The pre-veterinary curriculum can be pursued under the majors of Animal Science or Pathobiology. Most students prepare for veterinary college while pursuing a Bachelor of Science (B.S.) degree in one of these majors.
Undergraduate advisors for pre-vet students are available in the Department of Animal Science and the Department of Pathobiology and Veterinary Science. The pre-vet advisors are knowledgeable about pre-veterinary requirements and will assist and guide you through your undergraduate career. Please visit the departmental websites below for information on the pre-vet programs in both departments:
UConn does not have a veterinary school or a veterinary technician certification program.
Information on Application to Veterinary Schools and Colleges
Students enroll in veterinary school following the completion of a Bachelor's degree. Veterinary medicine programs are four years in length and admission is highly competitive. Specific admission requirements vary slightly among veterinary colleges, but all emphasize a strong science background. Applications to veterinary colleges are made in the fall of the final year of the Bachelor's program. Successful applicants must maintain a high undergraduate grade point average and have practical experience working with animals and veterinarians. The University of Connecticut is well positioned to help you obtain practical experience.
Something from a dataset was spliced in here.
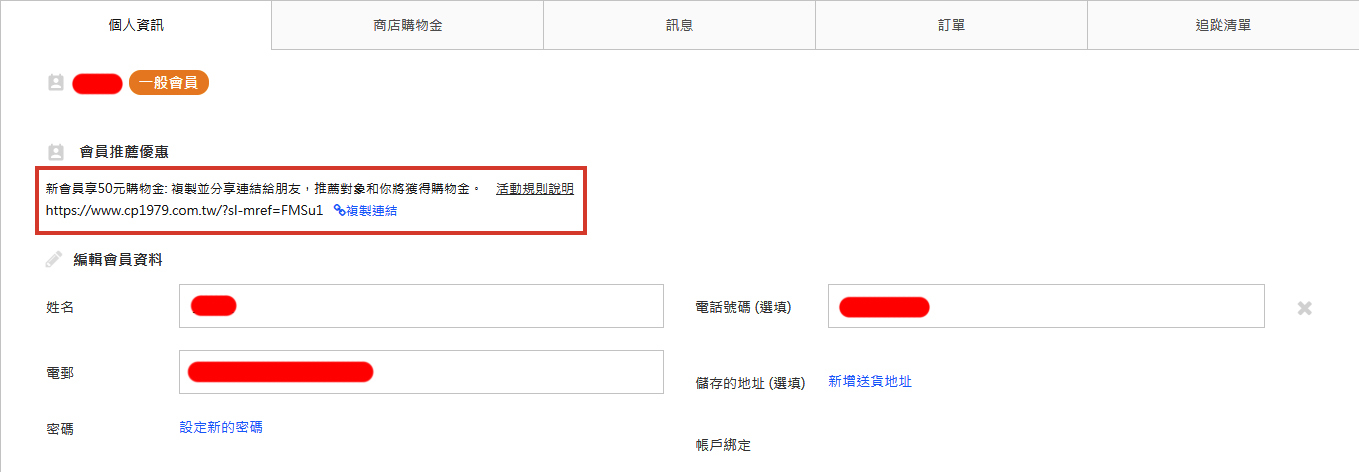 步驟一:前往商店前台「會員中心」>「個人資訊」,找到「會員推薦優惠」區塊,點擊「複製連結」,即可成功複製。

In addition, most veterinary colleges require competitive GRE and/or VCAT scores.
UConn graduates who meet the veterinary school requirements described above are typically accepted into veterinary colleges.
View a listing of UConn graduates who have gone on to attend veterinary school.
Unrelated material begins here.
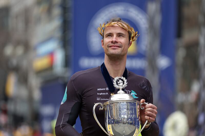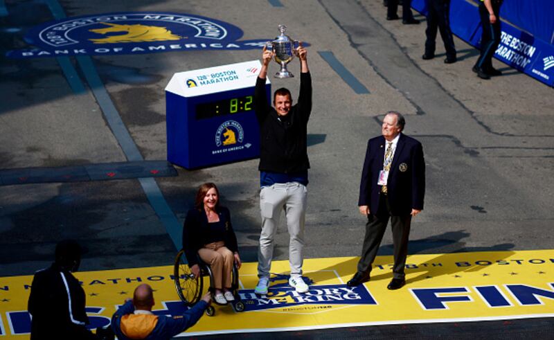 128th Boston Marathon BOSTON, MASSACHUSETTS - APRIL 15: Marcel Hug of Switzerland poses with the trophy on the finish line after winning the professional Men's Wheelchair Division during the 128th Boston Marathon on April 15, 2024 in Boston, Massachusetts. (Photo by Paul Rutherford/Getty Images) (Paul Rutherford/Getty Images)

The Association of American Veterinary Medical Colleges (AAVMC) provides a Listing of Veterinary Schools and Colleges in the U.S. and other countries.
Suggestions for High School Students Preparing for a Career in Veterinary Medicine
You should meet all of the admission requirements listed in the undergraduate catalog of the University of Connecticut. In addition, it will be helpful if you have a strong science and math background. If you have the option to take courses for college credit at your high school, this may give you greater flexibility in course selection during your college pre-veterinary medicine program.
Obtaining experience working for a veterinarian is an excellent way to determine if veterinary medicine is an appropriate career choice. Veterinary colleges require this type of work experience prior to application. Other positions working with animals may also enhance your veterinary college application.